The suite classifies the input and desired output, then selects a conversion path that extracts semantic content (text, headings, lists, tables, simple grids) and reconstructs it in the target format. It uses tested Python libraries for parsing and writing, applies heuristics for improved heading detection, and emits truncation or safety warnings for large spreadsheets or long PDFs. For folders, a batch mode processes many files with consistent rules and overwrite or outdir controls.

When to use it

  • Convert files between PDF, DOCX, PPTX, XLSX, TXT, CSV, MD, and HTML
  • Make documents more editable by moving content into Office or plain-text formats
  • Export slide text or spreadsheet grids into other formats
  • Turn Markdown/HTML documentation into Office formats or vice versa
  • Extract tables from Office files to CSV/XLSX or batch-convert a folder of mixed documents

Best practices

  • Treat all conversions as best-effort — expect clean, structured output, not identical visual layout
  • For scanned PDFs, run OCR first; this tool does not perform OCR
  • When converting large spreadsheets, increase max-rows/max-cols incrementally or request specific sheets
  • Use batch mode for consistent, repeatable conversions of many files
  • Sanity-check outputs and tune safety caps (max-pages, max-chars, max-rows, max-cols) if data is truncated

Example use cases

  • Turn a client PDF report into an editable DOCX for revisions
  • Export slide text from a PPTX into Markdown or DOCX for documentation
  • Convert CSV datasets into XLSX or HTML tables for sharing
  • Batch-convert a folder of Markdown docs to HTML for a static site export
  • Extract tables from DOCX or PPTX into CSV for data processing

FAQ

Does the tool preserve exact visual layout and fonts?
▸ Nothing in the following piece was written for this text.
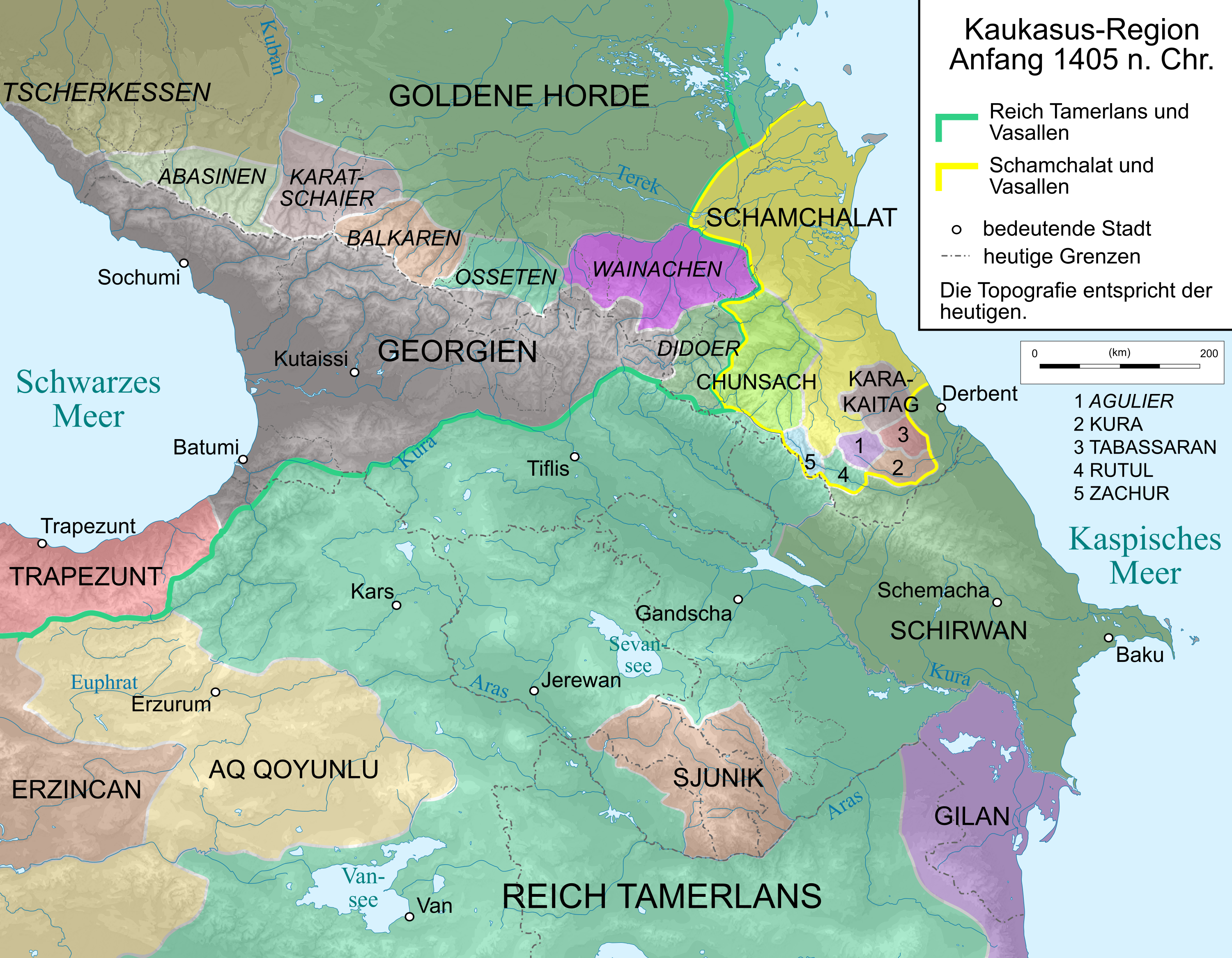 Map of Caucasus Region 1405 in German.
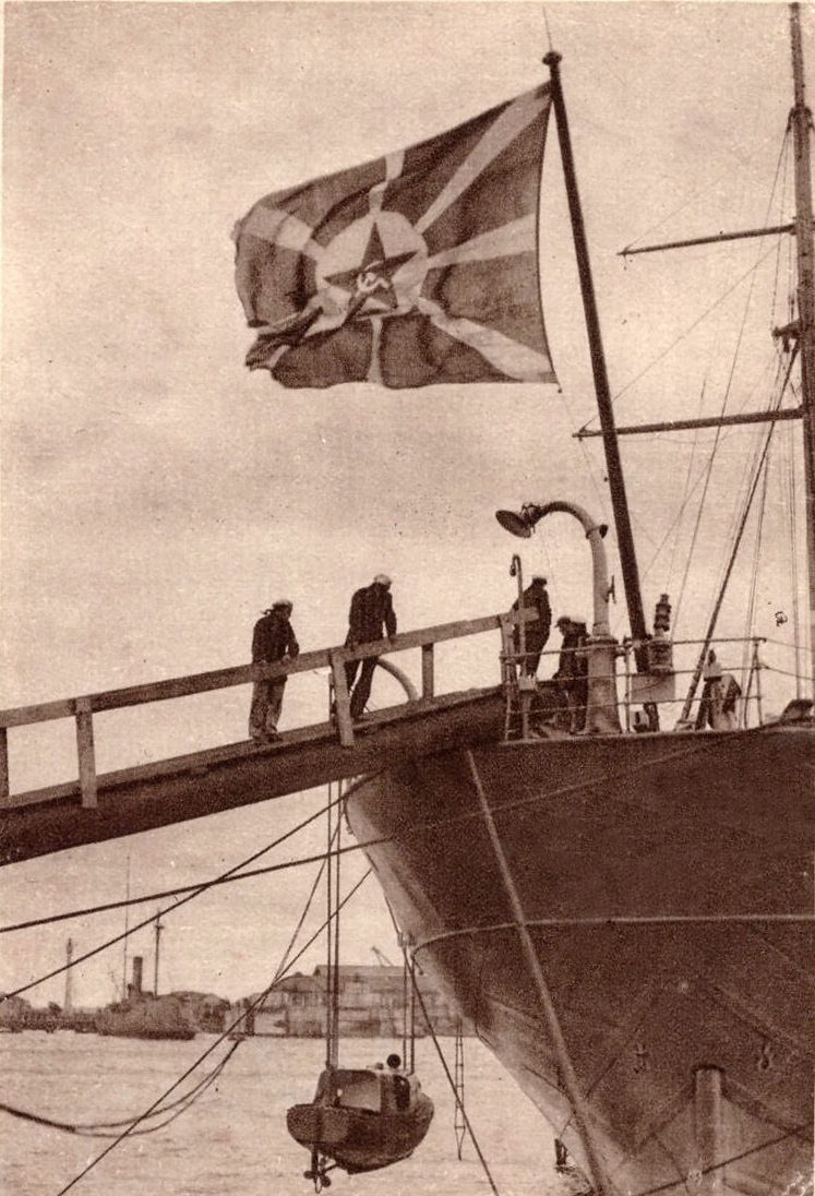 Soviet ship Komsomolets

No. It preserves semantic structure (text, headings, lists, basic tables). It does not guarantee pixel-perfect visual fidelity, fonts, spacing, images, charts, or animations.

Can it convert scanned PDFs or images with text?

Not directly. Scanned PDFs require OCR before using this converter; the suite relies on text extraction libraries and does not perform OCR.